Assignment.
Print all of the entries exactly, minus the pictures.

Given information.

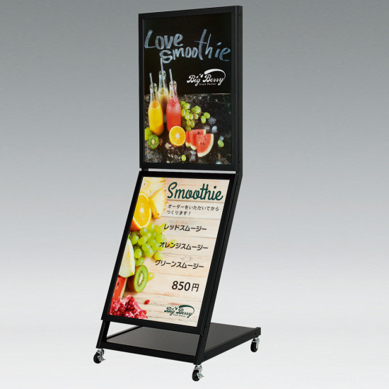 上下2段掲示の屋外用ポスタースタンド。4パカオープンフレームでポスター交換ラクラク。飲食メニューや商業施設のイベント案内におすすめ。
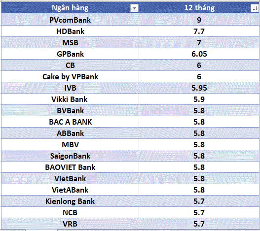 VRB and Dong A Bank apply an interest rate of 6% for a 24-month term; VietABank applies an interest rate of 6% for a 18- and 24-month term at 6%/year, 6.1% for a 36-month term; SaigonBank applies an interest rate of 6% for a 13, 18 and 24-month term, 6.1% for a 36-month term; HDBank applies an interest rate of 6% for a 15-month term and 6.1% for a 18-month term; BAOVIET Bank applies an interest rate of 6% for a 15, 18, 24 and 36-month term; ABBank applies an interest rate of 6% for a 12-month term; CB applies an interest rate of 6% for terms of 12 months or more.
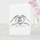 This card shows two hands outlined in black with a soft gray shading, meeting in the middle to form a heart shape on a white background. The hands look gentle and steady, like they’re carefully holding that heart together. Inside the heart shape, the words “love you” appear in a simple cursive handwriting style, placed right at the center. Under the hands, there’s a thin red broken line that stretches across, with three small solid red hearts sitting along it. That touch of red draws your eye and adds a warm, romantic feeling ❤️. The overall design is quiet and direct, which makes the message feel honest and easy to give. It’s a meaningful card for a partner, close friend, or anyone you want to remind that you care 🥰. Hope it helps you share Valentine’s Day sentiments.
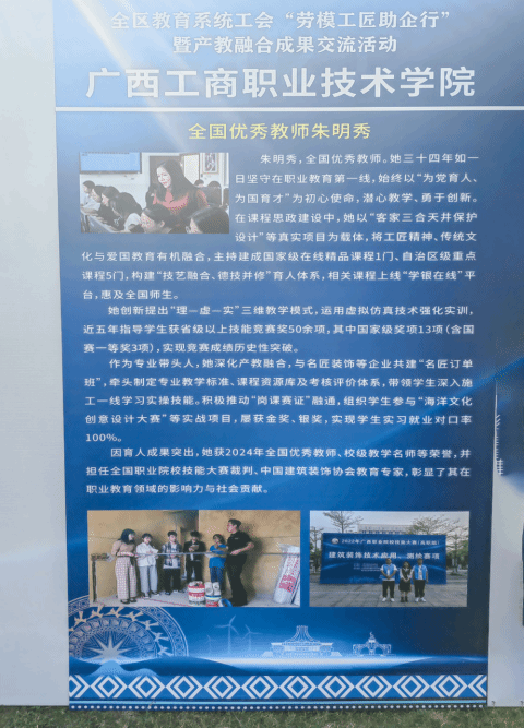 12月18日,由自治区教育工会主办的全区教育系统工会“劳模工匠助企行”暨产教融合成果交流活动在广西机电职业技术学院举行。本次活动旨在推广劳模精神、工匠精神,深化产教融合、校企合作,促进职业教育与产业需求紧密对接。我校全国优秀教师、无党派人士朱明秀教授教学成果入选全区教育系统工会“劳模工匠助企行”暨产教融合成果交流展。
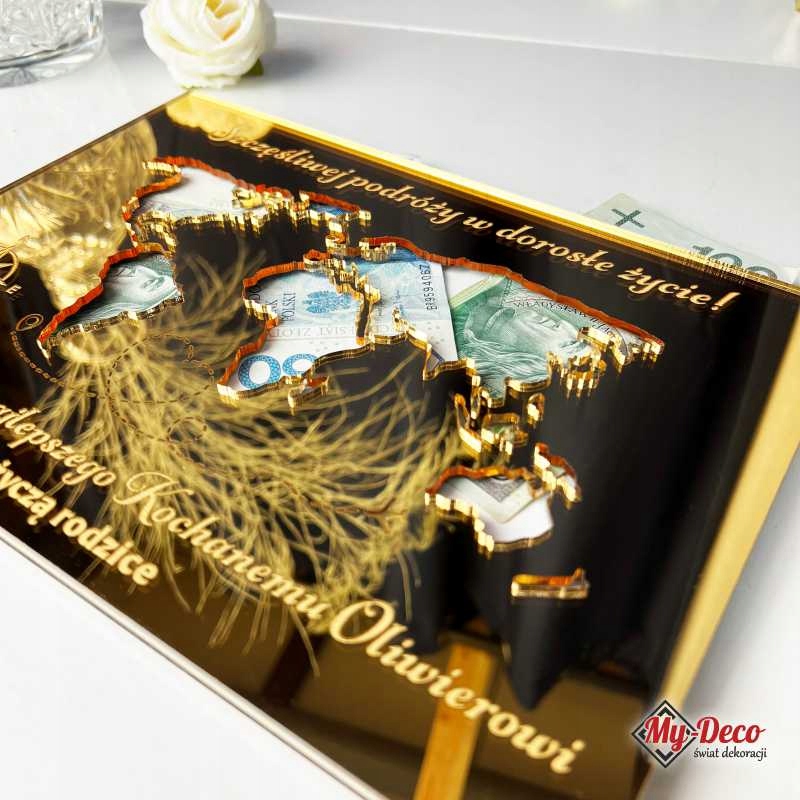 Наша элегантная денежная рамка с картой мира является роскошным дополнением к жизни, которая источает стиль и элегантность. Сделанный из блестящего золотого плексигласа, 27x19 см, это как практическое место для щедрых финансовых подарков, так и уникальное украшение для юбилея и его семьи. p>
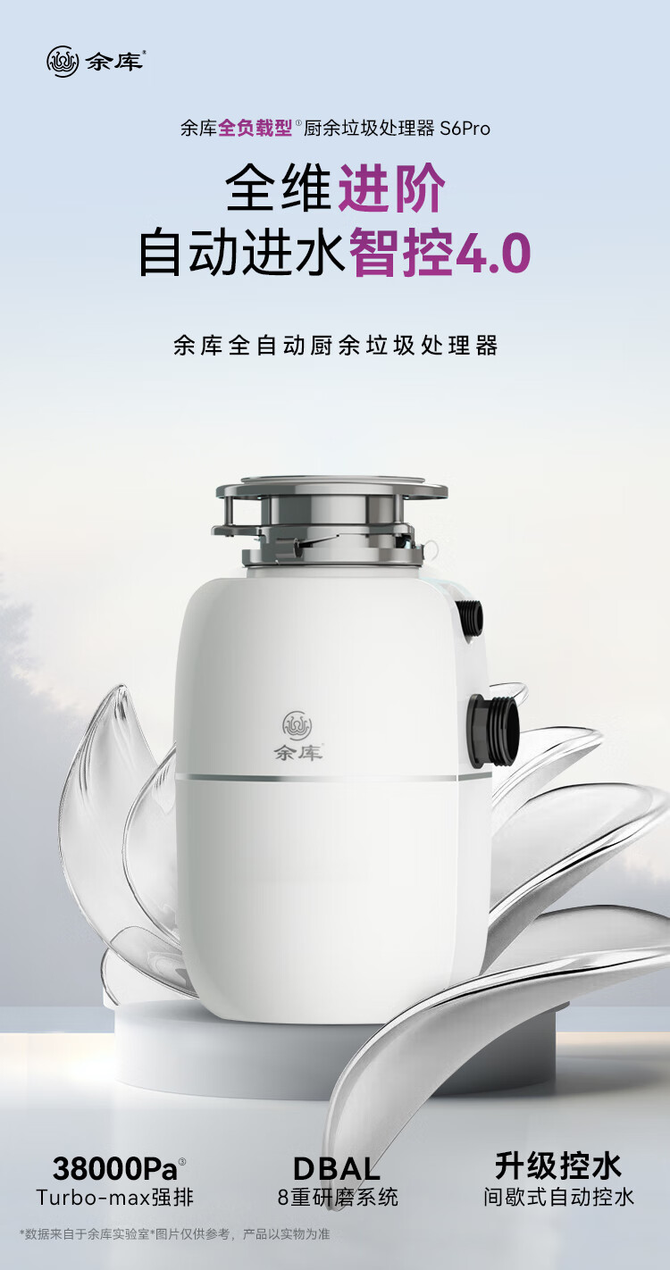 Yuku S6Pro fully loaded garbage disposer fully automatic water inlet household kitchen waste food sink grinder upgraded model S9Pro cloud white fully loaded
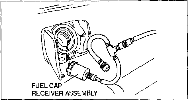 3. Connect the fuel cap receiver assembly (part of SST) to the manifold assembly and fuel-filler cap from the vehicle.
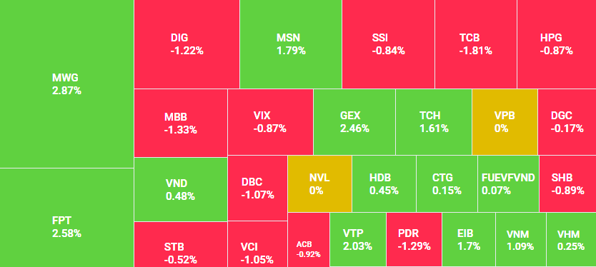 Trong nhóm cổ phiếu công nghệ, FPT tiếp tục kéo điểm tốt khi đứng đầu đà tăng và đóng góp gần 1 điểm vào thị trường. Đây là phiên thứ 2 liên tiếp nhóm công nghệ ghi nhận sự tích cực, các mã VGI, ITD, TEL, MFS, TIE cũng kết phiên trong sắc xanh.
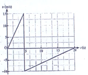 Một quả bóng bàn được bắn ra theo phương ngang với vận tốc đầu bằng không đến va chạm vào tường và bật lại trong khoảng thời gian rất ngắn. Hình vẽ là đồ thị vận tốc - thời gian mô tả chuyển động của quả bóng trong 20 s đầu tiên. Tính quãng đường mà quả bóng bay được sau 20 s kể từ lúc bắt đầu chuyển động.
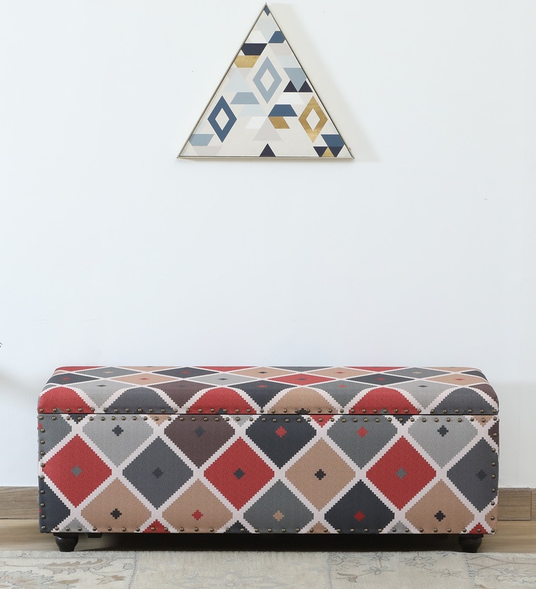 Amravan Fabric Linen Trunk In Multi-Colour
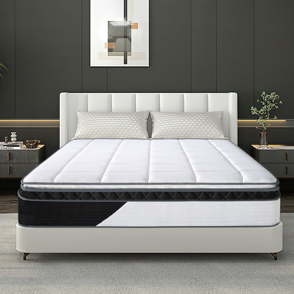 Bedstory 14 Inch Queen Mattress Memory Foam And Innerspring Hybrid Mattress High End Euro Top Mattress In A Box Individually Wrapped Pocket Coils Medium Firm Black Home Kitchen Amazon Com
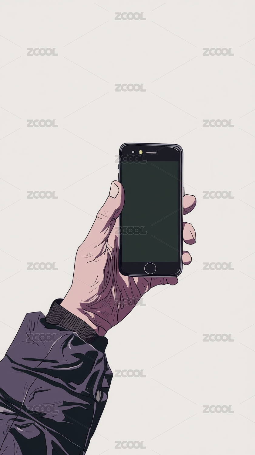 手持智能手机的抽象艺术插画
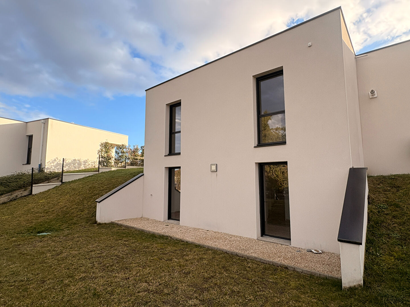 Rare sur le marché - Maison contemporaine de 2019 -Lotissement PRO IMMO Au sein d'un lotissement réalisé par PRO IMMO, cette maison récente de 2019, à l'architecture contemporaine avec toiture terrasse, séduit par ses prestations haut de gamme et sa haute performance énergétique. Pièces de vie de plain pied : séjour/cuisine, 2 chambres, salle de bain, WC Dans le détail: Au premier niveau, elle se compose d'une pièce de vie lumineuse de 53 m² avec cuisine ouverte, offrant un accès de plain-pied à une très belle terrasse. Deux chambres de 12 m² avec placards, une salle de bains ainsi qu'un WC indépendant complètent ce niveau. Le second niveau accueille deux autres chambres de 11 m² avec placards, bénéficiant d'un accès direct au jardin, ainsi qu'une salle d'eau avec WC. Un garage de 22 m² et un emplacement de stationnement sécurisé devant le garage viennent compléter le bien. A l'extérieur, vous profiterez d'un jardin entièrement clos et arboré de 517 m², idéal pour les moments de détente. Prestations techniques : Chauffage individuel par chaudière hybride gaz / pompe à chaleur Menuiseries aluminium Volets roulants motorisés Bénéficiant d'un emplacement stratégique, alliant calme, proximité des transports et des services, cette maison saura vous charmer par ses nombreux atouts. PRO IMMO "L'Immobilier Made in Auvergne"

Solution.
 上下2段掲示の屋外用ポスタースタンド。4パカオープンフレームでポスター交換ラクラク。飲食メニューや商業施設のイベント案内におすすめ。
 VRB and Dong A Bank apply an interest rate of 6% for a 24-month term; VietABank applies an interest rate of 6% for a 18- and 24-month term at 6%/year, 6.1% for a 36-month term; SaigonBank applies an interest rate of 6% for a 13, 18 and 24-month term, 6.1% for a 36-month term; HDBank applies an interest rate of 6% for a 15-month term and 6.1% for a 18-month term; BAOVIET Bank applies an interest rate of 6% for a 15, 18, 24 and 36-month term; ABBank applies an interest rate of 6% for a 12-month term; CB applies an interest rate of 6% for terms of 12 months or more.
 This card shows two hands outlined in black with a soft gray shading, meeting in the middle to form a heart shape on a white background. The hands look gentle and steady, like they’re carefully holding that heart together. Inside the heart shape, the words “love you” appear in a simple cursive handwriting style, placed right at the center. Under the hands, there’s a thin red broken line that stretches across, with three small solid red hearts sitting along it. That touch of red draws your eye and adds a warm, romantic feeling ❤️. The overall design is quiet and direct, which makes the message feel honest and easy to give. It’s a meaningful card for a partner, close friend, or anyone you want to remind that you care 🥰. Hope it helps you share Valentine’s Day sentiments.
 12月18日,由自治区教育工会主办的全区教育系统工会“劳模工匠助企行”暨产教融合成果交流活动在广西机电职业技术学院举行。本次活动旨在推广劳模精神、工匠精神,深化产教融合、校企合作,促进职业教育与产业需求紧密对接。我校全国优秀教师、无党派人士朱明秀教授教学成果入选全区教育系统工会“劳模工匠助企行”暨产教融合成果交流展。
 Наша элегантная денежная рамка с картой мира является роскошным дополнением к жизни, которая источает стиль и элегантность. Сделанный из блестящего золотого плексигласа, 27x19 см, это как практическое место для щедрых финансовых подарков, так и уникальное украшение для юбилея и его семьи. p>
 Yuku S6Pro fully loaded garbage disposer fully automatic water inlet household kitchen waste food sink grinder upgraded model S9Pro cloud white fully loaded
 3. Connect the fuel cap receiver assembly (part of SST) to the manifold assembly and fuel-filler cap from the vehicle.
 Trong nhóm cổ phiếu công nghệ, FPT tiếp tục kéo điểm tốt khi đứng đầu đà tăng và đóng góp gần 1 điểm vào thị trường. Đây là phiên thứ 2 liên tiếp nhóm công nghệ ghi nhận sự tích cực, các mã VGI, ITD, TEL, MFS, TIE cũng kết phiên trong sắc xanh.
 Một quả bóng bàn được bắn ra theo phương ngang với vận tốc đầu bằng không đến va chạm vào tường và bật lại trong khoảng thời gian rất ngắn. Hình vẽ là đồ thị vận tốc - thời gian mô tả chuyển động của quả bóng trong 20 s đầu tiên. Tính quãng đường mà quả bóng bay được sau 20 s kể từ lúc bắt đầu chuyển động.
 Amravan Fabric Linen Trunk In Multi-Colour
 Bedstory 14 Inch Queen Mattress Memory Foam And Innerspring Hybrid Mattress High End Euro Top Mattress In A Box Individually Wrapped Pocket Coils Medium Firm Black Home Kitchen Amazon Com
 手持智能手机的抽象艺术插画
 Rare sur le marché - Maison contemporaine de 2019 -Lotissement PRO IMMO Au sein d'un lotissement réalisé par PRO IMMO, cette maison récente de 2019, à l'architecture contemporaine avec toiture terrasse, séduit par ses prestations haut de gamme et sa haute performance énergétique. Pièces de vie de plain pied : séjour/cuisine, 2 chambres, salle de bain, WC Dans le détail: Au premier niveau, elle se compose d'une pièce de vie lumineuse de 53 m² avec cuisine ouverte, offrant un accès de plain-pied à une très belle terrasse. Deux chambres de 12 m² avec placards, une salle de bains ainsi qu'un WC indépendant complètent ce niveau. Le second niveau accueille deux autres chambres de 11 m² avec placards, bénéficiant d'un accès direct au jardin, ainsi qu'une salle d'eau avec WC. Un garage de 22 m² et un emplacement de stationnement sécurisé devant le garage viennent compléter le bien. A l'extérieur, vous profiterez d'un jardin entièrement clos et arboré de 517 m², idéal pour les moments de détente. Prestations techniques : Chauffage individuel par chaudière hybride gaz / pompe à chaleur Menuiseries aluminium Volets roulants motorisés Bénéficiant d'un emplacement stratégique, alliant calme, proximité des transports et des services, cette maison saura vous charmer par ses nombreux atouts. PRO IMMO "L'Immobilier Made in Auvergne"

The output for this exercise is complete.